No, it does not. @leofang
Hi @anshumang Sorry I dropped the ball. Actually I was being silly. In your case the error log seems clear: There's no atomicAdd defined for (uint8_t *, uint8_t). All of the versions that CUDA provides are listed here: https://docs.nvidia.com/cuda/cuda-c-programming-guide/index.html#atomicadd. It's needed to atomically add the counts to the corresponding bin.
One very quick and dirty hack is upcast to unsigned int, which has an atomicAdd defined, and then downcast:
uint8_t atomicAdd(uint8_t* address, uint8_t val) {
return (uint8_t)atomicAdd(reinterpret_cast<unsigned int*>address, static_cast<unsigned int>val);
}
This definition must show up before including device_histogram.cuh. However, there might be a performance impact for the upcast/downcast cycle, so some benchmarks are necessary.
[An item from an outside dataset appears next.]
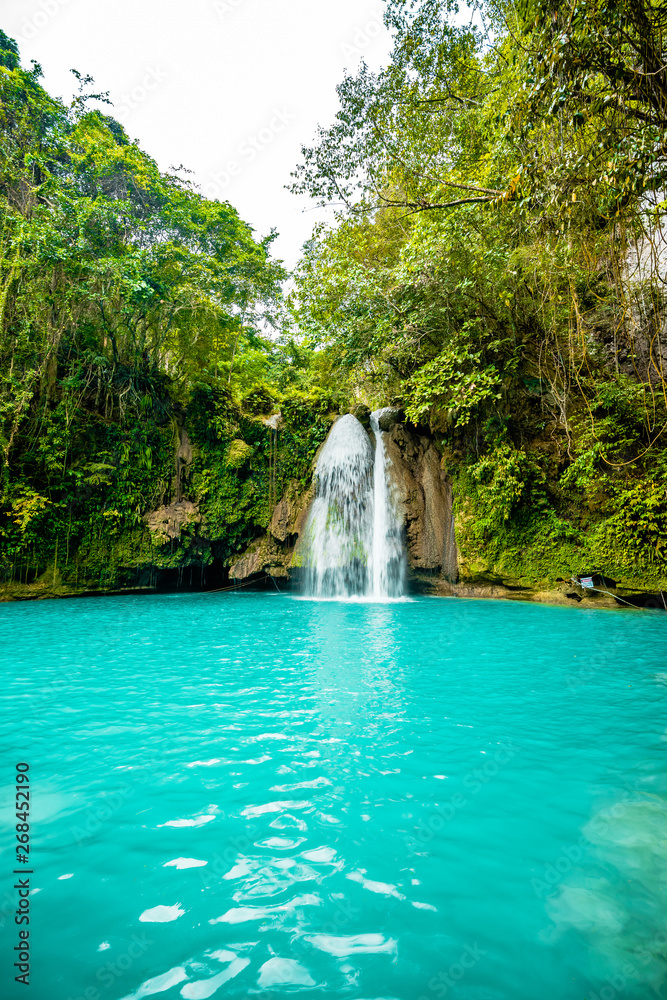 Kawasan Falls on Cebu island in Philippines, turquoise waterfalls

@anshumang Is your issue resolved?
We should track down why we're trying to call atomics that don't exist here, and either error out or switch to a fallback implementation.
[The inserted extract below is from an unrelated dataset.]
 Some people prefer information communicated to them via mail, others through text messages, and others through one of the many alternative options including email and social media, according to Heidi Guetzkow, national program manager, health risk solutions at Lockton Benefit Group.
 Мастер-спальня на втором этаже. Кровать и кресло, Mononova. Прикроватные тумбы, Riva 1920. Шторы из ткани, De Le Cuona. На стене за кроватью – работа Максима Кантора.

Trying to fake the atomicAdd as mentioned above will give an incorrect result (the wrong value will be read/written), and address is not likely to be aligned property for an atomic uint32_t access. To fake the atomic update, you'd need to
- load an aligned word
- do some shifts/masks to extract the bits you want from the word
- do the addition
- Replace the bits in the original word in (1) with the result
- Do a CAS operation to write back the memory, falling back to (1) if needed.
This should be investigated and fixed when we address #227.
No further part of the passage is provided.